Repeat exactly the lines of the material below that run from the "Đặc biệt, hạt" line to the "Dr Jessica Prebble" line, including both, and do not carry over any pictures.

***

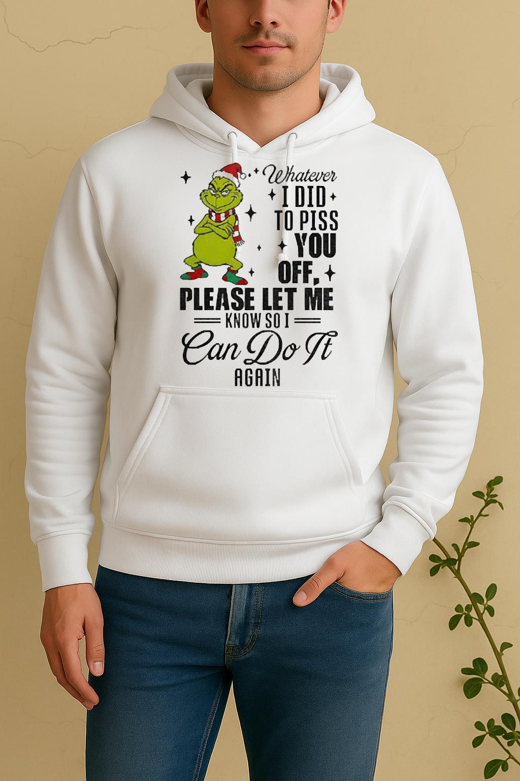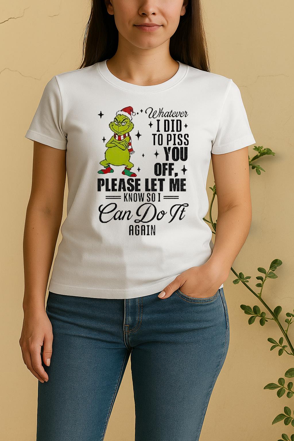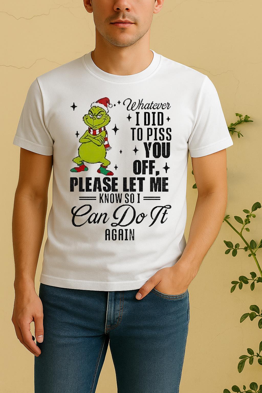 The Official Grinch Santa Whatever I Did To Piss You Off Please Let Me Know So I Can Do It Again Christmas Shirt from Bino Shirt is a perfect combination of creativity, comfort, and everyday wearability. Designed for fashion lovers who value self-expression, this t-shirt blends modern streetwear aesthetics with premium craftsmanship. Whether you’re going out, relaxing at home, or sharing your style online, the Official Grinch Santa Whatever I Did To Piss You Off Please Let Me Know So I Can Do It Again Christmas Shirt will help you stand out effortlessly.
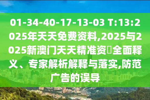 關(guān)于關(guān)鍵詞“01-34-40-17-13-03 T:13:2025年天天免費(fèi)資料,2025與2025新澳門(mén)天天精準(zhǔn)資料”的全面釋義、專(zhuān)家解讀與落實(shí)以及防范廣告的誤導(dǎo)
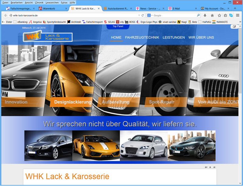 Auftraggeber: WHK Lack & Karosserie, autorisierter Fachbetrieb für Lackierungen aller Art 86956 Schongau Aufgabenbeschreibung: - Konzeption, Entwicklung und Realisierung - Photographische Arbeiten, SEO - OFFLINE - |
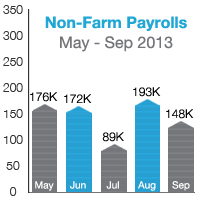 What happened last month? The Labor Department reported that employers added 148,000 workers in September, which was below the 183,000 that was expected. However, the numbers for July and August were revised higher. Additionally, the Unemployment Rate fell to 7.2 percent, which is the lowest level since November 2008.
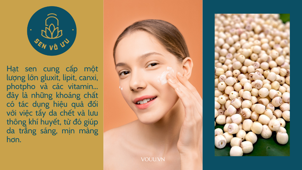 Đặc biệt, hạt sen cung cấp một lượng lớn gluxit, lipit, canxi, photpho và các vitamin... đây là những khoáng chất có tác dụng hiệu quả đối với việc tẩy da chết và lưu thông khí huyết, từ đó giúp da trắng sáng, mịn màng hơn.
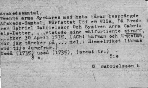 //// Av sk ed »»san tal. //// Twenne arma Syndares med heta tårar besprängde Af sk ed s-Sam tal, Författat Uti en WISA, T)å Brödren Gabriel Gabrielsson Och Systren Anna Gabri-els-Better, .. .vtstodo sine wälförtiente straff, ...then 30 April 173?. (AChl bäfwan och ängslad, när jag täncker på,... mel.; Himmelriket liknas wid tijo Jungfrur.) //// Uooå (173*1 uoeå (1735), (annat tr.) -8a. 8;a //// 0 Gabrielsaan b ////
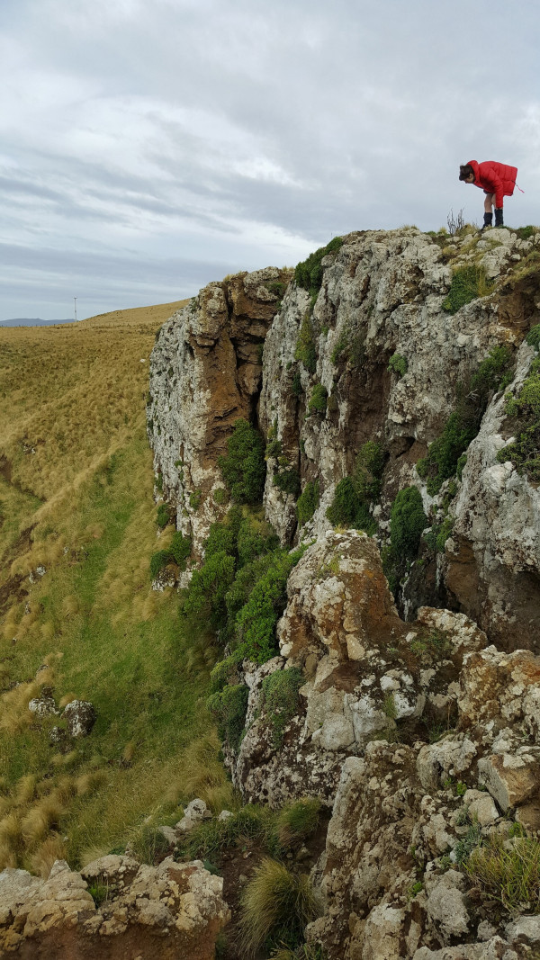Dr Jessica Prebble at Cape Saunders on the Otago Peninsula looking for native plants. Credit: Kerry Ford.
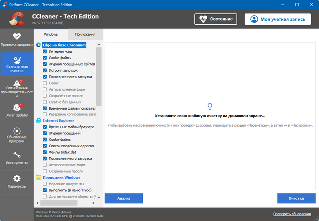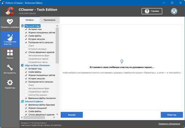 CCleaner - приложение для оптимизации системы и обеспечения безопасности пользователя. Удаляет неиспользуемые и временные файлы, делая работу Windows более быстрой и освобождая место на жестких дисках.
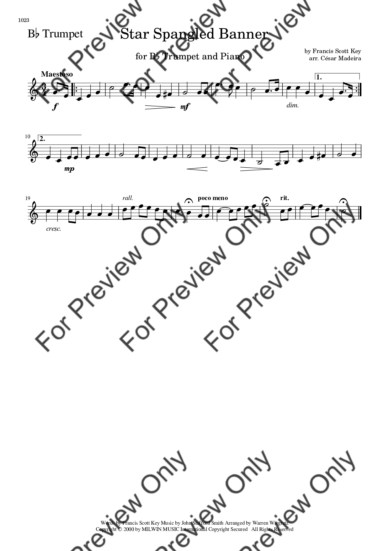 The Star-Spangled Banner. Arrangement for Bb Trumpet and Piano. With Full Score and Individual Parts. Have fun!
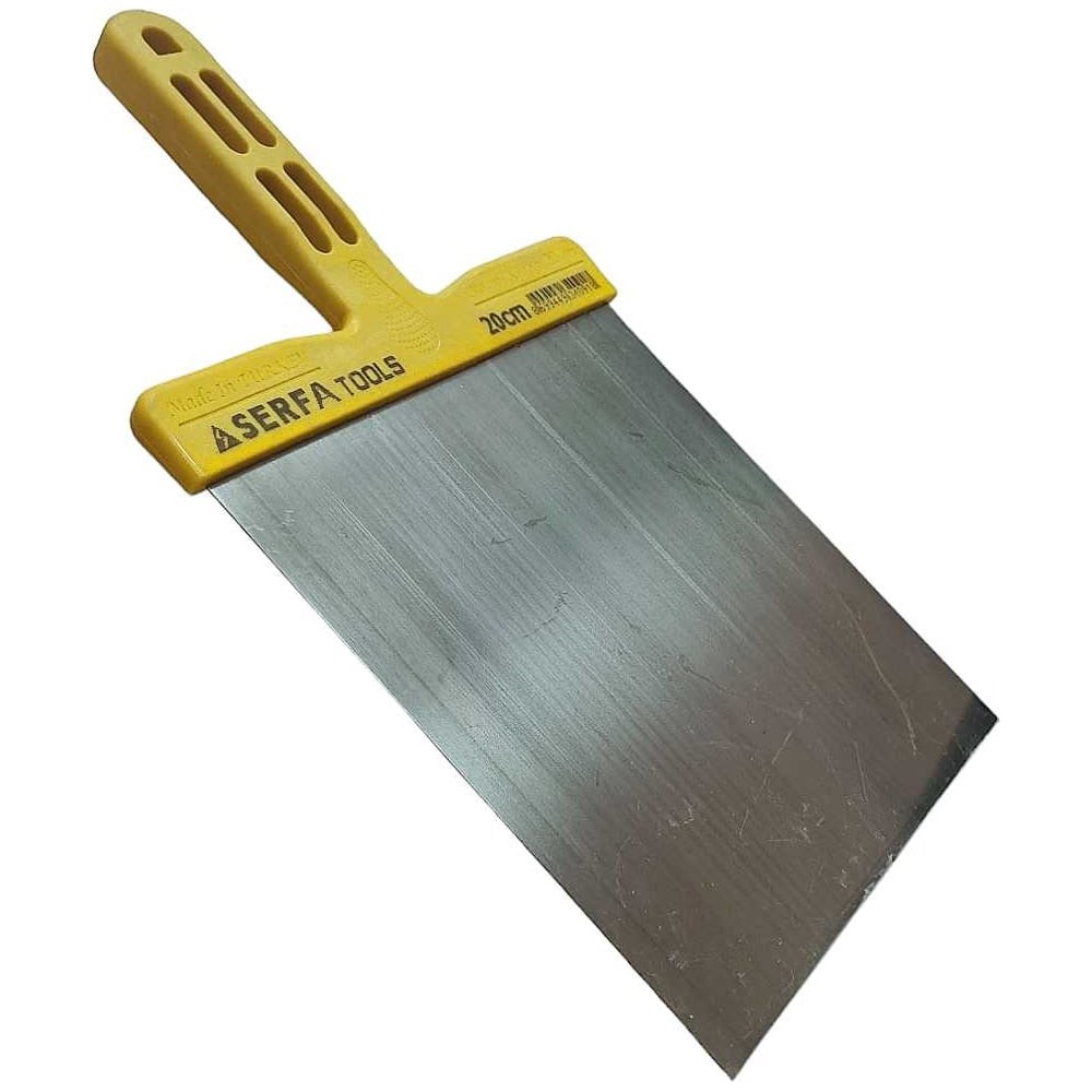 Шпатлевочная лопатка с пластиковой ручкой Serfa с полотном шириной 200 мм подходит для бытового и профессионального применения. Инструмент позволяет замешивать, наносить и разравнивать штукатурку и другие строительные растворы, заполнять швы, заделывать трещины и выполнять иные отделочные работы.
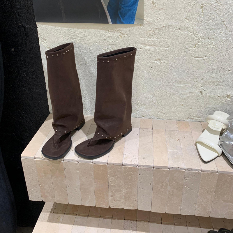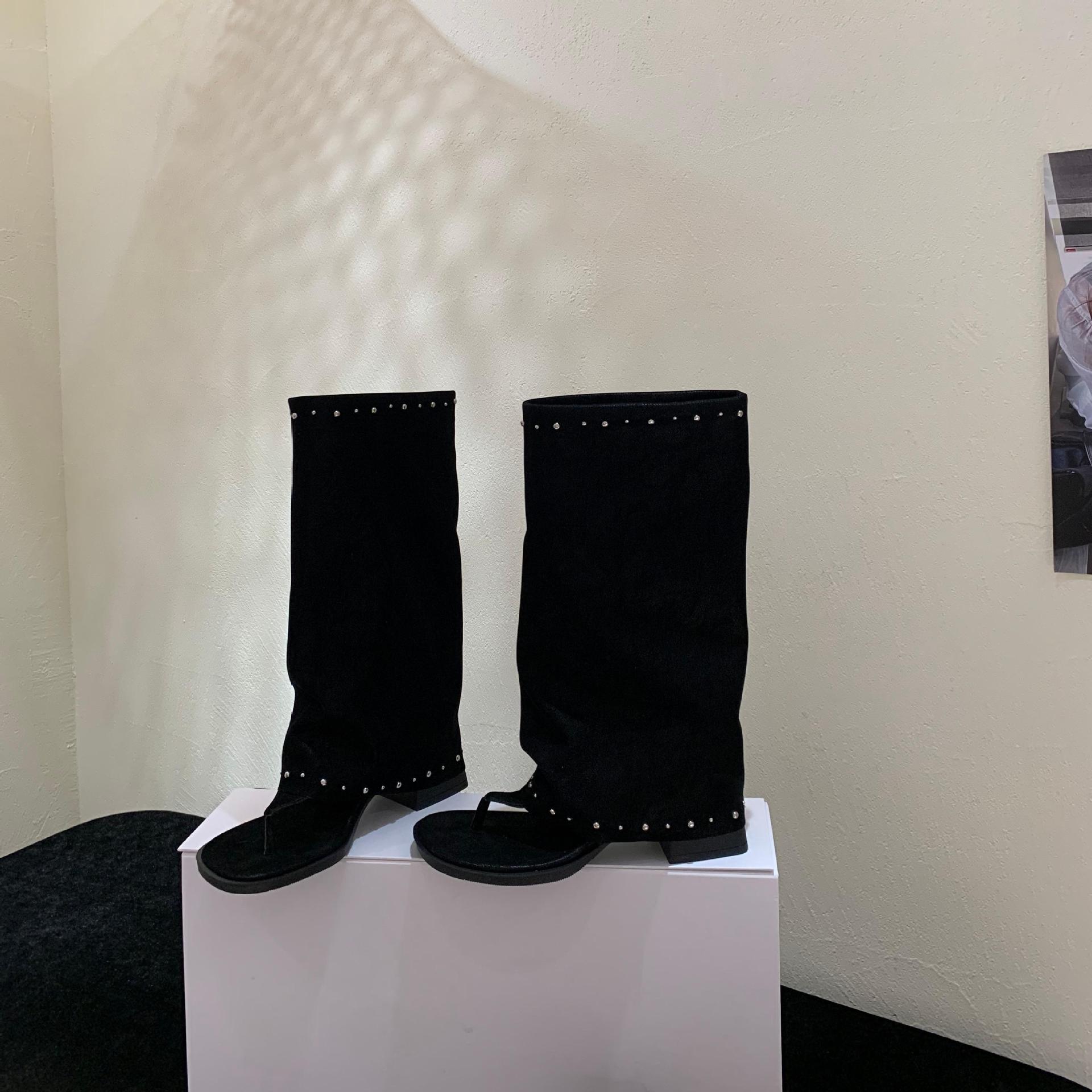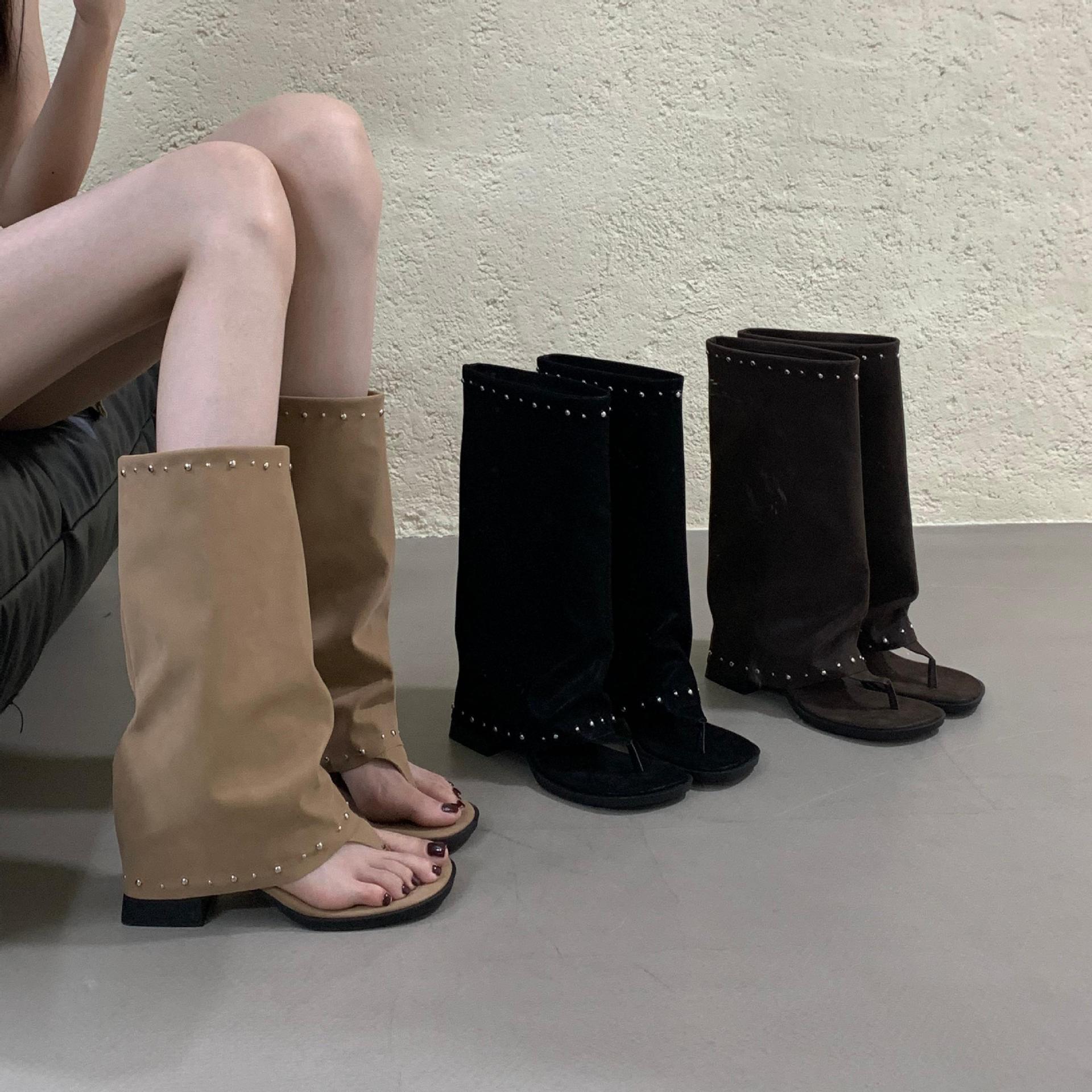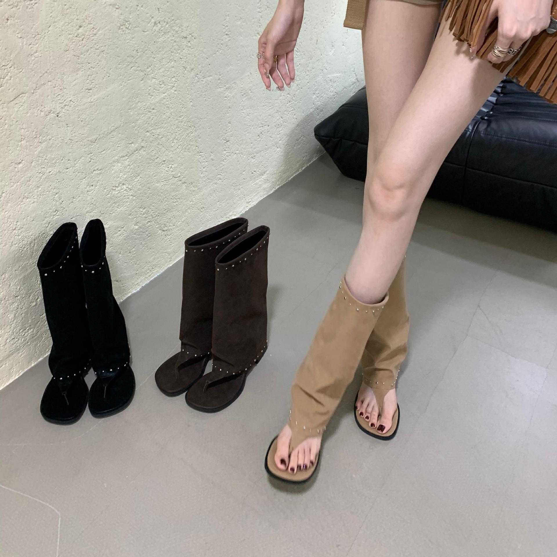 가벼운 럭셔리 틈새 복고풍 2025 여름 신작 여성 신발 샌들 겉옷 둥근 발가락 두꺼운 굽 플립 플롭 리벳 바지 샌들

***

■ RESPONSE FOR THIS EXERCISE
 Đặc biệt, hạt sen cung cấp một lượng lớn gluxit, lipit, canxi, photpho và các vitamin... đây là những khoáng chất có tác dụng hiệu quả đối với việc tẩy da chết và lưu thông khí huyết, từ đó giúp da trắng sáng, mịn màng hơn.
 //// Av sk ed »»san tal. //// Twenne arma Syndares med heta tårar besprängde Af sk ed s-Sam tal, Författat Uti en WISA, T)å Brödren Gabriel Gabrielsson Och Systren Anna Gabri-els-Better, .. .vtstodo sine wälförtiente straff, ...then 30 April 173?. (AChl bäfwan och ängslad, när jag täncker på,... mel.; Himmelriket liknas wid tijo Jungfrur.) //// Uooå (173*1 uoeå (1735), (annat tr.) -8a. 8;a //// 0 Gabrielsaan b ////
Dr Jessica Prebble at Cape Saunders on the Otago Peninsula looking for native plants. Credit: Kerry Ford.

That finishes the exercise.